Records from a data source
_ _ _ _
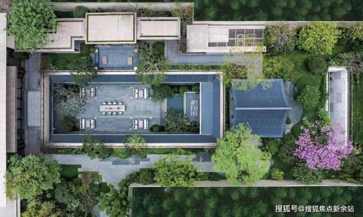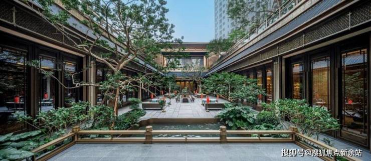名贵花木、景观楼阁,构成「四水归堂」形制。
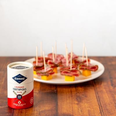 Diamond L’Elegance Toothpicks are designer toothpicks complete with decorative notches that make picking them up easy and fast. VERSATILE & STURDY: These solid wood multipurpose toothpicks are sturdy enough for teeth cleaning and long enough to use as skewers for appetizers, fruits, sandwiches, cheeses, and other finger foods. APPEALING SIMPLICITY: These wooden toothpicks are all-natural, biodegradable & compostable. They’re ideal for everyday use or for perfecting an appetizer spread, featuring an elegant carved detail. CLEAN & GREEN: Each toothpick was created with durable, sturdy wood. Nearly all the materials in our products are made from renewable resources so you can be sure that your choice is a clean one. CONVENIENT STORAGE: These toothpicks come in a 100% recyclable tube that makes them easy and safe to store and transport so they’re there whenever you need them. TOOTHPICKS FOR EVERY OCCASION: From flat to frilled, swords, forks, parasols, and more, serving in style is always easy with our wide collection of whimsical and functional toothpicks for any occasion.
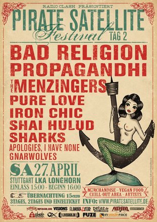 Unfassbar gut finden wir, dass Bad Religion uns die Ehre erweisen unser noch junges Festival zu headlinen. Die Punkrock-Legende aus Kalifornien nutzt die Gelegenheit ihr neues Album vorzustellen. Mit ein Grund für Ihre Reise nach Stuttgart war auch die Zusage der zweiten Punkrock Größe Propagandhi: Beide Bands haben noch nie zusammen ein Festival gespielt und freuen sich auf den gemeinsamen Auftritt. Shai Hulud / Iron Chic / Sharks / Apologies,I have none und Gnarwolves unterstreichen als weitere Bestätigung das einmalige Line Up am Samstag.
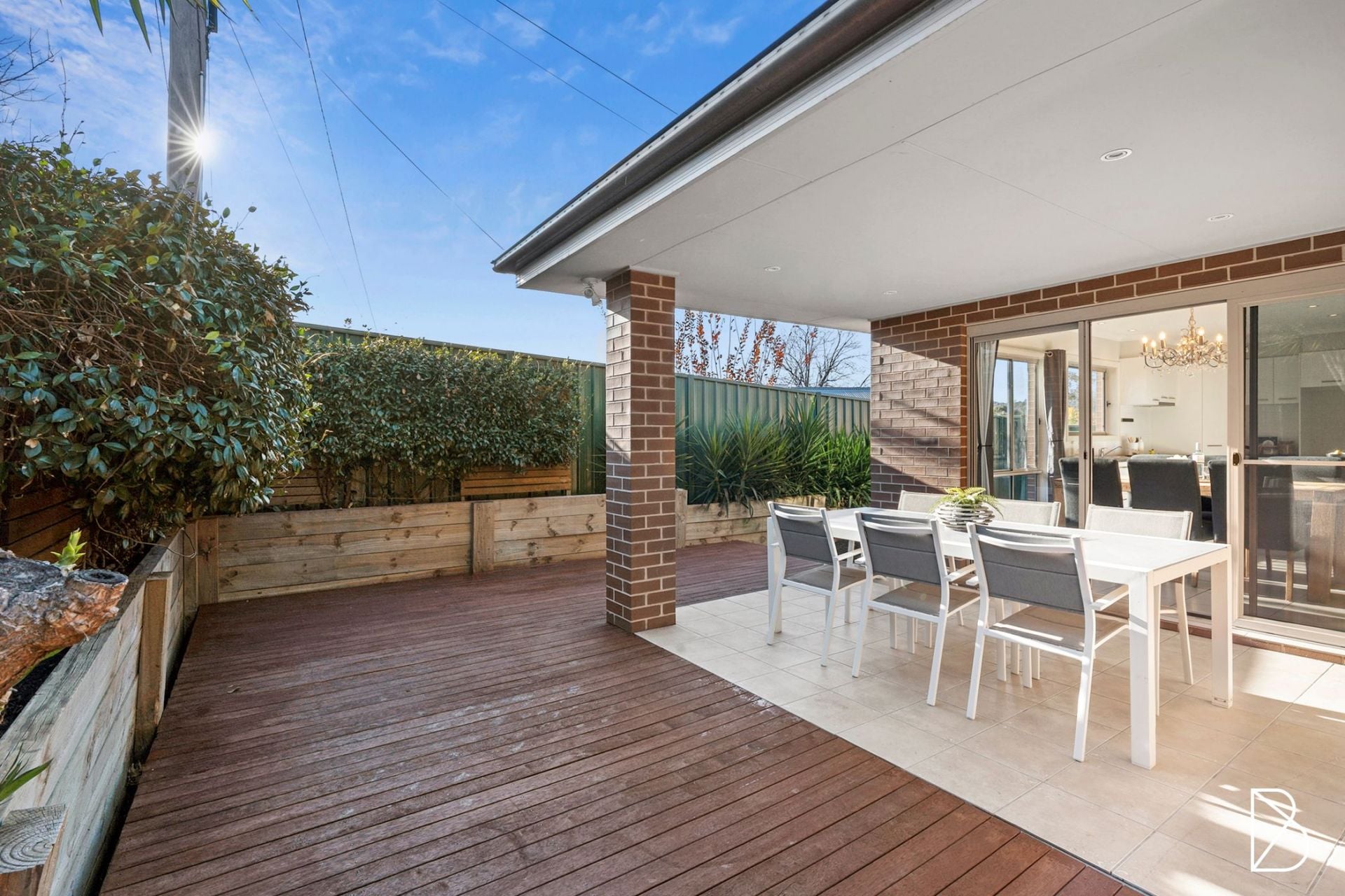- covered alfresco entertaining area under roofline
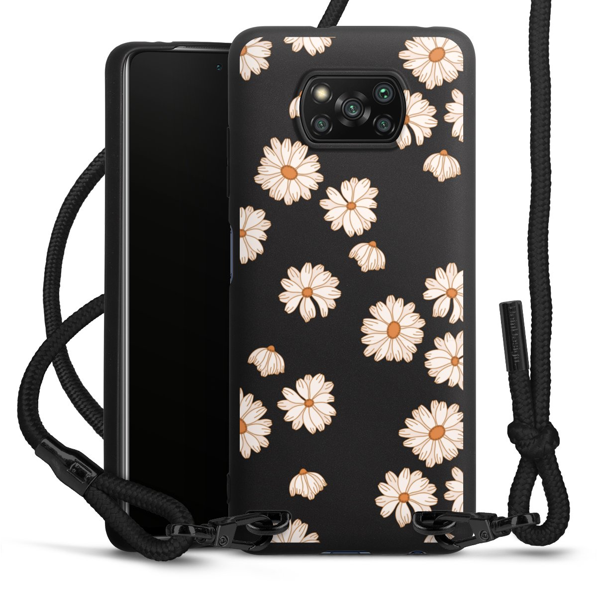 The matt black silicone case is made of flexible TPU (thermoplastic polyurethane) and offers robust protection. The durable, unbreakable material makes the cover flexible and dimensionally stable at the same time. The matte surface makes your design stand out more and is less susceptible to fingerprints and dirt. The stylish trend accessory fits comfortably in the hand and is perfectly complemented by the fabric (polyester) mobile phone strap. The braided fabric strap is approx. 1.70 metres long with a diameter of approx. 0.5 cm. Due to the special knotting technique, the length of the strap can be adjusted by simply pulling it, so that you can adapt it individually to your wishes. The practical case to wear around your neck is available with the fabric strap in black. As a little icing on the cake, we have provided the strap with a chic metal fastener in matt black. The strap is securely fastened to the case with loops made of high-quality genuine leather and press studs. The ends of the fabric strap are covered with metallic end caps and thus protected from fraying.
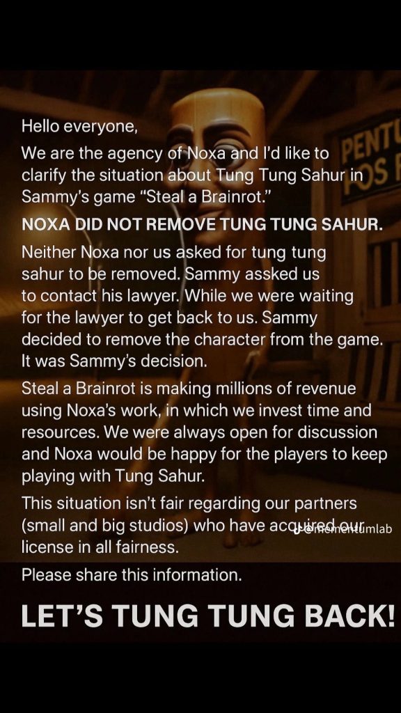 Belakangan, agensi Momentum Lab yang mewakili kreator aslinya, Noxaasht, memberikan klarifikasi. Mereka bilang Noxa nggak pernah minta penghapusan itu secara langsung, tapi developer Sammy yang menarik karakter tersebut karena lagi ada pembahasan soal lisensi. Mereka mengklaim Tung Tung adalah properti hak cipta, dan Steal A Brainrot udah menghasilkan jutaan tanpa izin resmi.
_ _ _ _
EXERCISE DIRECTIONS —
Could you print all of the entries exactly, skipping the images?

ANSWER TO THIS PROBLEM —
名贵花木、景观楼阁,构成「四水归堂」形制。
 Diamond L’Elegance Toothpicks are designer toothpicks complete with decorative notches that make picking them up easy and fast. VERSATILE & STURDY: These solid wood multipurpose toothpicks are sturdy enough for teeth cleaning and long enough to use as skewers for appetizers, fruits, sandwiches, cheeses, and other finger foods. APPEALING SIMPLICITY: These wooden toothpicks are all-natural, biodegradable & compostable. They’re ideal for everyday use or for perfecting an appetizer spread, featuring an elegant carved detail. CLEAN & GREEN: Each toothpick was created with durable, sturdy wood. Nearly all the materials in our products are made from renewable resources so you can be sure that your choice is a clean one. CONVENIENT STORAGE: These toothpicks come in a 100% recyclable tube that makes them easy and safe to store and transport so they’re there whenever you need them. TOOTHPICKS FOR EVERY OCCASION: From flat to frilled, swords, forks, parasols, and more, serving in style is always easy with our wide collection of whimsical and functional toothpicks for any occasion.
 Unfassbar gut finden wir, dass Bad Religion uns die Ehre erweisen unser noch junges Festival zu headlinen. Die Punkrock-Legende aus Kalifornien nutzt die Gelegenheit ihr neues Album vorzustellen. Mit ein Grund für Ihre Reise nach Stuttgart war auch die Zusage der zweiten Punkrock Größe Propagandhi: Beide Bands haben noch nie zusammen ein Festival gespielt und freuen sich auf den gemeinsamen Auftritt. Shai Hulud / Iron Chic / Sharks / Apologies,I have none und Gnarwolves unterstreichen als weitere Bestätigung das einmalige Line Up am Samstag.
- covered alfresco entertaining area under roofline
 The matt black silicone case is made of flexible TPU (thermoplastic polyurethane) and offers robust protection. The durable, unbreakable material makes the cover flexible and dimensionally stable at the same time. The matte surface makes your design stand out more and is less susceptible to fingerprints and dirt. The stylish trend accessory fits comfortably in the hand and is perfectly complemented by the fabric (polyester) mobile phone strap. The braided fabric strap is approx. 1.70 metres long with a diameter of approx. 0.5 cm. Due to the special knotting technique, the length of the strap can be adjusted by simply pulling it, so that you can adapt it individually to your wishes. The practical case to wear around your neck is available with the fabric strap in black. As a little icing on the cake, we have provided the strap with a chic metal fastener in matt black. The strap is securely fastened to the case with loops made of high-quality genuine leather and press studs. The ends of the fabric strap are covered with metallic end caps and thus protected from fraying.
 Belakangan, agensi Momentum Lab yang mewakili kreator aslinya, Noxaasht, memberikan klarifikasi. Mereka bilang Noxa nggak pernah minta penghapusan itu secara langsung, tapi developer Sammy yang menarik karakter tersebut karena lagi ada pembahasan soal lisensi. Mereka mengklaim Tung Tung adalah properti hak cipta, dan Steal A Brainrot udah menghasilkan jutaan tanpa izin resmi.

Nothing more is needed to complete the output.